The main idea: input data until the end of the file, each line of two data weight m and speed V, the arrangement to get a sequence, the requirement is: the higher the weight of the lower the speed (equal is not eligible). The longest length of this sequence is obtained and the output path. The answer is not unique, the output of any kind of good.

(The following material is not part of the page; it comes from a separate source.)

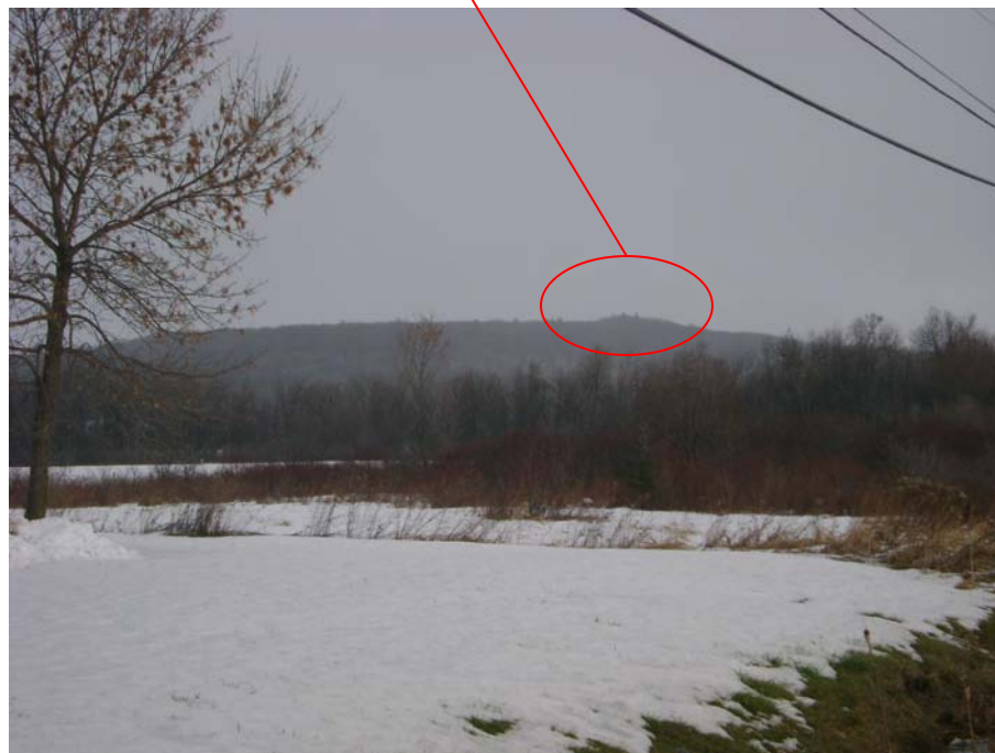
Photographie #12 Aperçu de l'unité de paysage 11- Vue direction nord-est vers le point de repère (parc de la Gatineau) à partir du chemin Pink.

Topic idea: This is the longest ascending sub-sequence problem, we are sorted by the ascending of W, if W is equal in descending order of V. Using pre[] to record the current point of the precursor node, the last record sequence of the final point, MAXN record the longest length, the completion of the motion rules can be based on the previous and pre[] output path.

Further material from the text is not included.